Сержант нахмурился и подумал, что такому наглецу только чего позволь, так он после проймет любого, и поэтому…
Но дальше он додумать не успел, потому что Чико вдруг сказал:
– У вас, вижу, медаль, сержант. Прямо огнем горит! А разрешите спросить: за что она вам?
Сержант смолчал, как будто не расслышал, и повернулся к австрийцу, гусару. Это, подумал он, Франц, кажется. Да, точно Франц. Стоит, любезно улыбается. А ведь и он тоже попался к Оливьеру! Значит, не такой уж он добряк и простак, каким хочет показаться. И вообще, сердито продолжал думать сержант, тут только начни спрашивать, как и за что этих милейших молодцов загребла военная полиция, так ведь все они как один станут клятвенно утверждать, будто они пали жертвой форменного недоразумения, досадной ошибки, навета! Но, с другой стороны, а какое ему дело до их прошлого? То прошлое, как сказал генерал, зарыто и закопано, даже затоптано. К тому же, сейчас важно только настоящее, то есть эти оставшиеся пятнадцать верст! Поэтому, еще раз осмотрев вверенных ему солдат, сержант решил их приободрить – и сказал:
– Ну что ж! Всё пока что складывается не так уж и плохо. А то, честно признаться, я поначалу был о вас не самого лучшего мнения. А тут, вижу, укорять вас вроде как не за что. И поэтому, если и в ближайшие пару часов, а нам, похоже, больше и не потребуется, вот так же продержаться бы – и наше дело сделано. Так что, может, продержимся?

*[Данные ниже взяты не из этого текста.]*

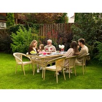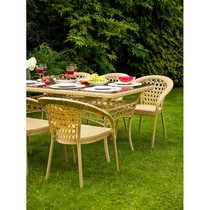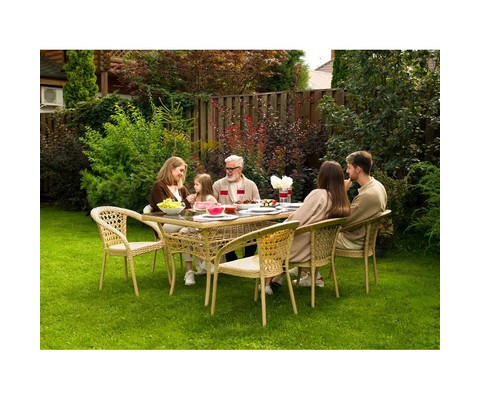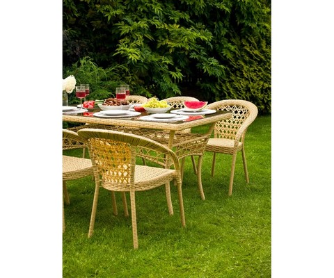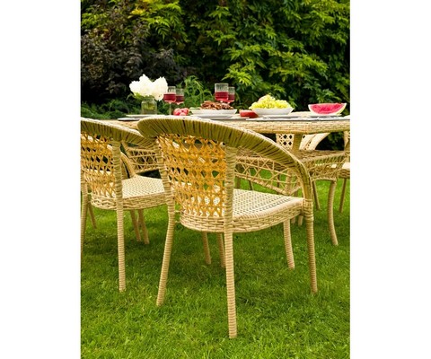 Благородный оттенок искусственного ротанга придает комплекту природную теплоту и визуальную легкость.
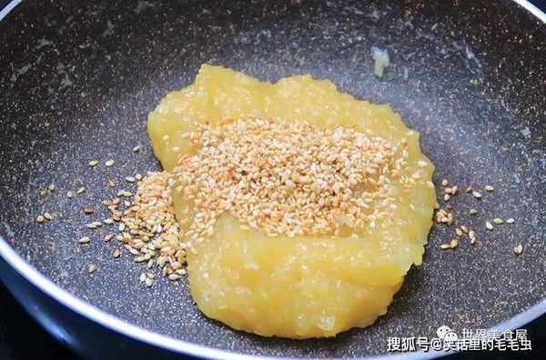 ⑥继续加三勺芝麻,搅拌。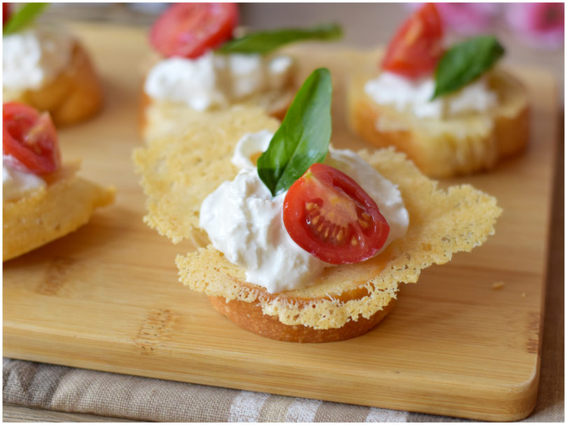 Le vostre bruschette burrata sono pronte, non vi resta che aggiungere il basilico fresco e servirle.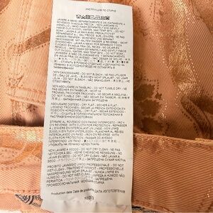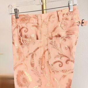 Crafted in Italy, this rare find features a delicate blush pink denim base entirely transformed by a shimmering rose gold metallic foil "laminated" coating. The signature ETRO paisley motif is rendered in a high-shine, liquid-metal finish that catches the light beautifully.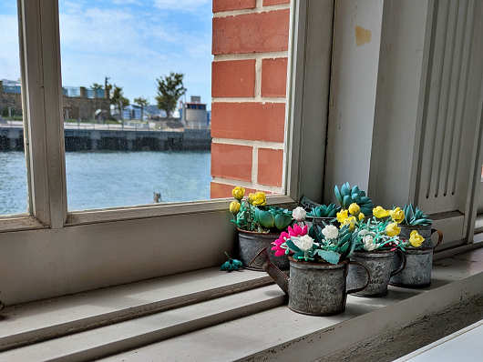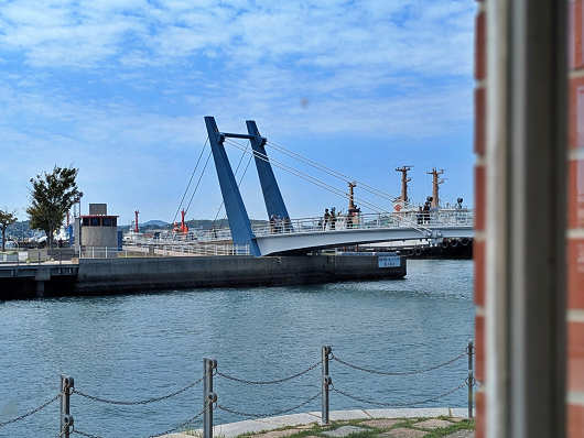 そして店内からも「ブルーウィング もじ」が見えました。でも跳ね橋が上昇し始めたのはお店を出て20分ほど経ってからだったので、この窓の外側から撮影したんですよね。
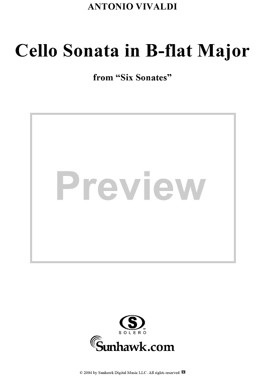 Digital Sheet Music for Cello Sonata No. 6 in B-flat Major, RV46 - Cello by Antonio Vivaldi scored for Cello/Continuo/Piano; id:296715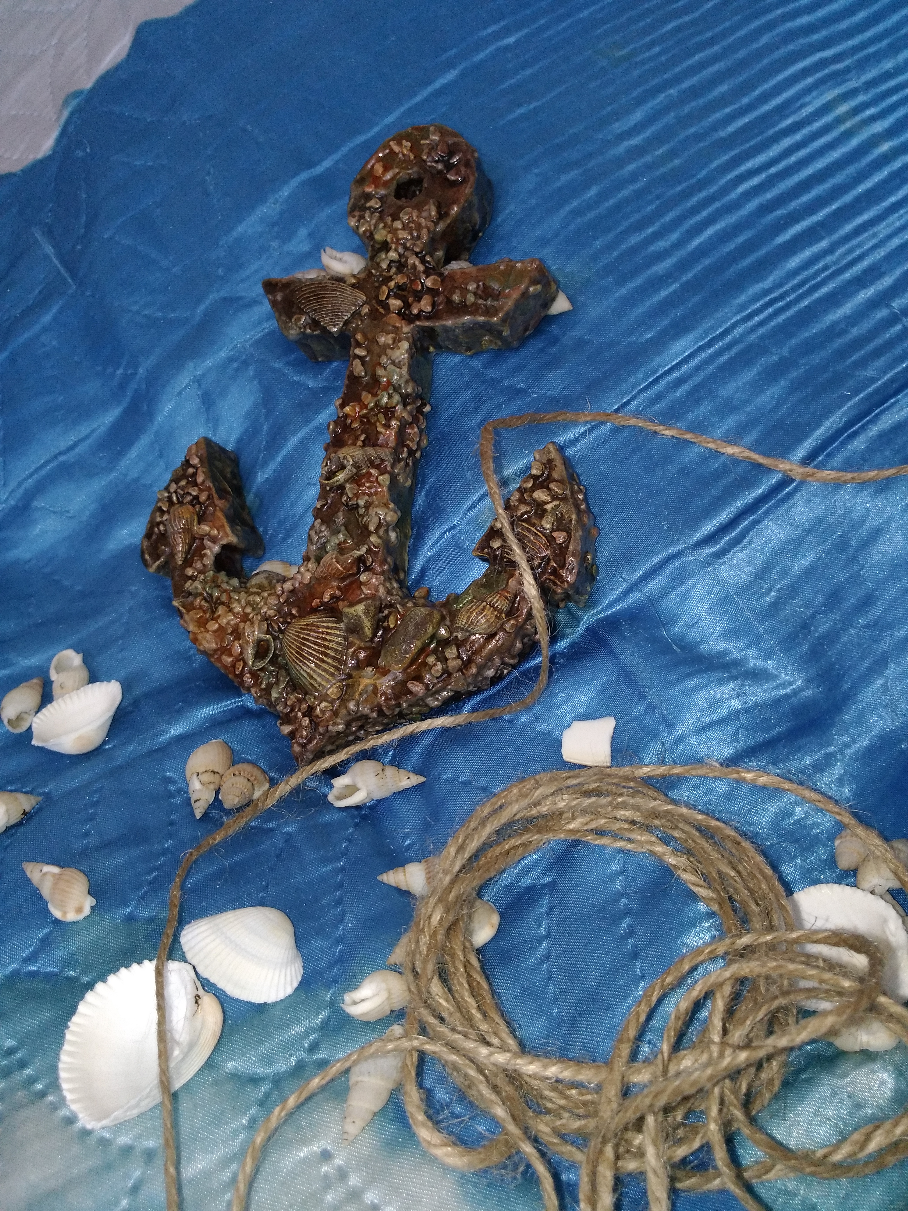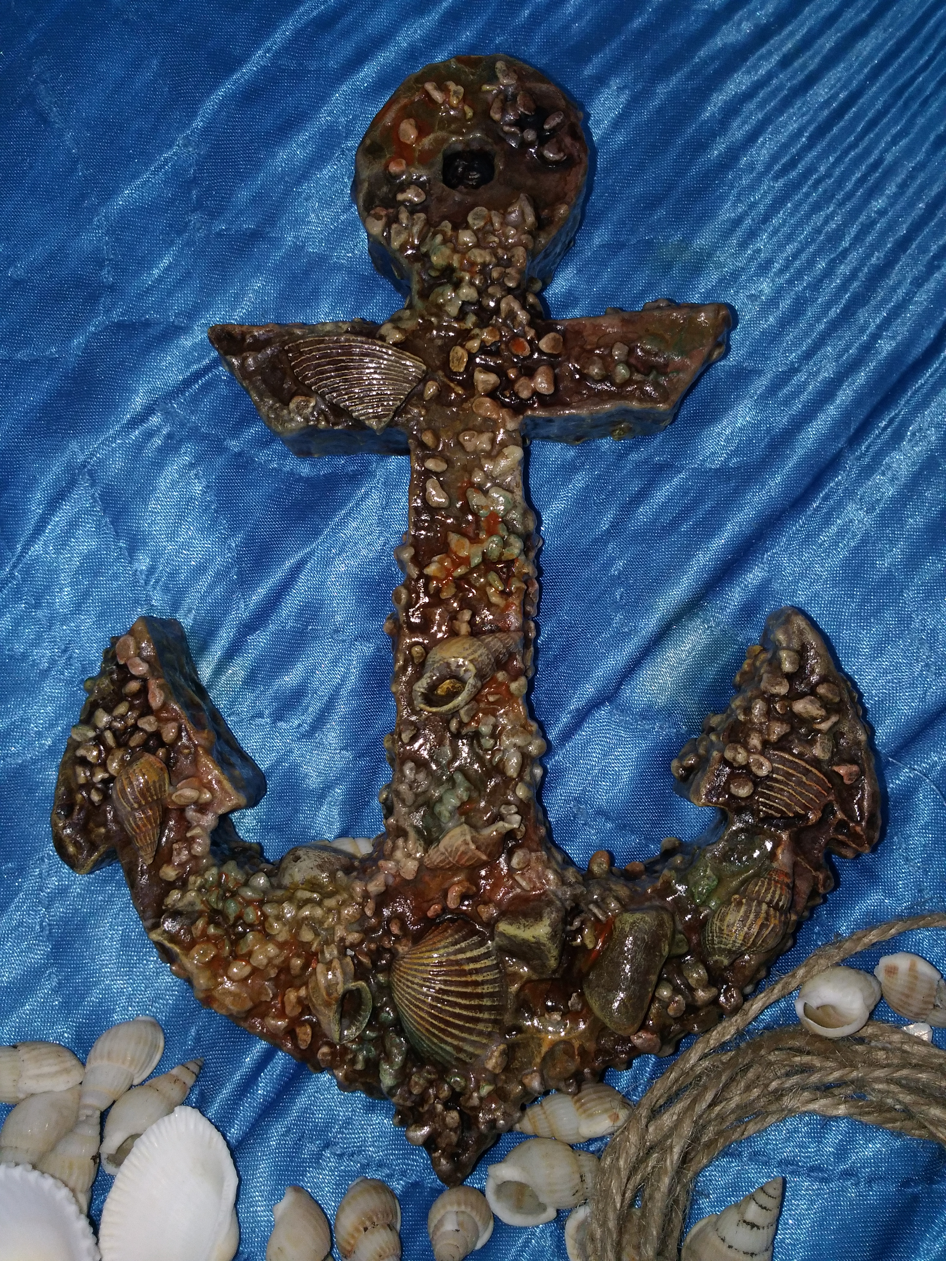 Сделала в подарок мужу, теперь весит на стене на работе. Заготовка из дерева.Шпатлевка, ракушки, камешки, акриловая краска.

И Чико – опять этот Чико – тут же вылез вперед и сказал:
– Продержимся, сержант, не сомневайтесь! Мы же ко всему привычные! Но это мы. А вот эта карета, – и тут он досадливо поморщился. – Вот про нее будет трудно сказать!
– А что карета?! – удивился Дюваль. – Она легкая на ходу, верткая. Чего еще надо?
– А груз?
– Что груз?! – насторожился сержант.
– А то, – строго нахмурился Чико. – Все дело в грузе, господин сержант. Ведь для того, чтобы наверняка утверждать, как эта карета может повести себя в дальнейшем, нужно хотя бы примерно знать, что у нее внутри. А то вот, к примеру, даже вы, господин сержант. Вот вы хоть сами знаете, что там?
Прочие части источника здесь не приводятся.